_Activity_
Read the lines below. Copy out any that hold the string "using".

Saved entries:
========

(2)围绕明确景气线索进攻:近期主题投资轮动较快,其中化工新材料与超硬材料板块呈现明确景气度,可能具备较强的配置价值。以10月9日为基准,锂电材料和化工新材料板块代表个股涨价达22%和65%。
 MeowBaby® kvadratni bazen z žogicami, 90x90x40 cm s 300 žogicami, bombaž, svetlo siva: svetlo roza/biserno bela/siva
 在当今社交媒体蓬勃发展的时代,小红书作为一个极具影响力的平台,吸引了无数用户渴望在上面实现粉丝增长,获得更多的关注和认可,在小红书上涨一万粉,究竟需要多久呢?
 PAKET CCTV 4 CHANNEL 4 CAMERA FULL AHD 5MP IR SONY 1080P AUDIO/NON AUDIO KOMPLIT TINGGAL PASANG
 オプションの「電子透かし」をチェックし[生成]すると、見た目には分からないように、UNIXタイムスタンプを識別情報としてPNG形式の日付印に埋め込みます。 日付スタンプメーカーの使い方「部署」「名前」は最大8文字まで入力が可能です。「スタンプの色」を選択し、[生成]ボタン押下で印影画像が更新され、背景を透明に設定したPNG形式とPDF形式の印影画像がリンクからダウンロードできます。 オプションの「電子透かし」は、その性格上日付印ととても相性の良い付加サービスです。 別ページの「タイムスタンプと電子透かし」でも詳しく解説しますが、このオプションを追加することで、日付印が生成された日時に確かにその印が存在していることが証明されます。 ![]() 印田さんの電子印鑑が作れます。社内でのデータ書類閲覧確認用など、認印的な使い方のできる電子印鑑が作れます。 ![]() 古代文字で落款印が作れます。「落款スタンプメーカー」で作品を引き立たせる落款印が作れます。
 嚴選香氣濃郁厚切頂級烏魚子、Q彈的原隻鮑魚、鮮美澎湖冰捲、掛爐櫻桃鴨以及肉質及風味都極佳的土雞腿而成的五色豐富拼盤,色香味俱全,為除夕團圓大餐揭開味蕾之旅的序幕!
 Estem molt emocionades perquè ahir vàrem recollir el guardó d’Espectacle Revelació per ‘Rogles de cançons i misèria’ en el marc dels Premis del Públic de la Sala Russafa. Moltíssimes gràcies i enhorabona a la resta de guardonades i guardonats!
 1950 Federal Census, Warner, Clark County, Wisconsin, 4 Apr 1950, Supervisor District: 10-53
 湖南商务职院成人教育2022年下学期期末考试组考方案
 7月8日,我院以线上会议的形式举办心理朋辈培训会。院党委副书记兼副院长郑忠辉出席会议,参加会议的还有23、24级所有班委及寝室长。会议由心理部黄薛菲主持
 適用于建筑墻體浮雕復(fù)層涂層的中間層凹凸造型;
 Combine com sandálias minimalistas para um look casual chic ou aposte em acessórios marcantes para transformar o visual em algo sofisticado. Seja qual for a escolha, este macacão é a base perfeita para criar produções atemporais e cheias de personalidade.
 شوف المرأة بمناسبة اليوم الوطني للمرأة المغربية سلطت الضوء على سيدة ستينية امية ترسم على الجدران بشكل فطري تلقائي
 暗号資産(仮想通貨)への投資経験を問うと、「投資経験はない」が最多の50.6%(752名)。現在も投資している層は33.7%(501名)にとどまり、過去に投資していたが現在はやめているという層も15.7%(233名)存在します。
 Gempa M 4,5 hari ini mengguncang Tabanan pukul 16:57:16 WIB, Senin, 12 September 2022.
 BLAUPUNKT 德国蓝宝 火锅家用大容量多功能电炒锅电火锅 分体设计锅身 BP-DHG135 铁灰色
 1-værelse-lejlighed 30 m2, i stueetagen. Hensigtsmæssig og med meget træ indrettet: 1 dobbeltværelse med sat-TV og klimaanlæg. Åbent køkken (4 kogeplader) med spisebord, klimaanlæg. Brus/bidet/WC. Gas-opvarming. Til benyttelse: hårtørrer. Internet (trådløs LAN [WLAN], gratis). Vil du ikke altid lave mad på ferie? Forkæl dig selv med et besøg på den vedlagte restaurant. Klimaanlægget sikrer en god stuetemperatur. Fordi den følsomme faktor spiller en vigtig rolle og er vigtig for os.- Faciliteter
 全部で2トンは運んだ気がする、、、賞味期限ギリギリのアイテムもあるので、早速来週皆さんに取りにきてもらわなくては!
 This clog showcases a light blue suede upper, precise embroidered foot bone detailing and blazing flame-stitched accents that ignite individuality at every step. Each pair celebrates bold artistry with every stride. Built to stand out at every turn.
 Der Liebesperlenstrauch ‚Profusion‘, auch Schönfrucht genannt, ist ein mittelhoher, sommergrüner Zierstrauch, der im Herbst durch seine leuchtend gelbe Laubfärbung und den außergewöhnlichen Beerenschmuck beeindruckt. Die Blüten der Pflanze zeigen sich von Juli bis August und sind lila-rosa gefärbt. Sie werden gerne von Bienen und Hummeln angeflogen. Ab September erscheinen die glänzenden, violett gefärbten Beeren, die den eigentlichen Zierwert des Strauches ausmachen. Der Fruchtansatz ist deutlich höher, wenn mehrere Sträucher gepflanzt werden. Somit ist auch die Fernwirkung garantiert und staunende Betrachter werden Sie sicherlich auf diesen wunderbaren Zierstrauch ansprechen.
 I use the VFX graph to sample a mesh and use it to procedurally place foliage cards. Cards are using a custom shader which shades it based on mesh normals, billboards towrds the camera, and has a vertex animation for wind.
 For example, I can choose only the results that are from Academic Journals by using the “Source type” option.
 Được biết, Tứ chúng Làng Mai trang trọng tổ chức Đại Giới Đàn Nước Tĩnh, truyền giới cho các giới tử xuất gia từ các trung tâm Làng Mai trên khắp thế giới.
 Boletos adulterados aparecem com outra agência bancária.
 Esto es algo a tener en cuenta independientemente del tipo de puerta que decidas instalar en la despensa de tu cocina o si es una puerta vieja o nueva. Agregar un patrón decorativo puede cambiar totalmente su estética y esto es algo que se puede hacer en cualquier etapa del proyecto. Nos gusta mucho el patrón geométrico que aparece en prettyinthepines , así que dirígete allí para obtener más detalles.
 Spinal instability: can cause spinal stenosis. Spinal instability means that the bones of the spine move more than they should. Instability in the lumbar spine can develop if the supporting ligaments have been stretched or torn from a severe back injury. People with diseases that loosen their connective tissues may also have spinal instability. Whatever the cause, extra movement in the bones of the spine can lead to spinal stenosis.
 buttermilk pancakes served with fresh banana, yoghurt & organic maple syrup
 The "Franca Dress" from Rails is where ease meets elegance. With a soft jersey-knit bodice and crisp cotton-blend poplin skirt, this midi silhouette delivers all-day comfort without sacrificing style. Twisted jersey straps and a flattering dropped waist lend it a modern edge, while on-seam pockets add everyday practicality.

========

_Exercise result_
 I use the VFX graph to sample a mesh and use it to procedurally place foliage cards. Cards are using a custom shader which shades it based on mesh normals, billboards towrds the camera, and has a vertex animation for wind.
 For example, I can choose only the results that are from Academic Journals by using the “Source type” option.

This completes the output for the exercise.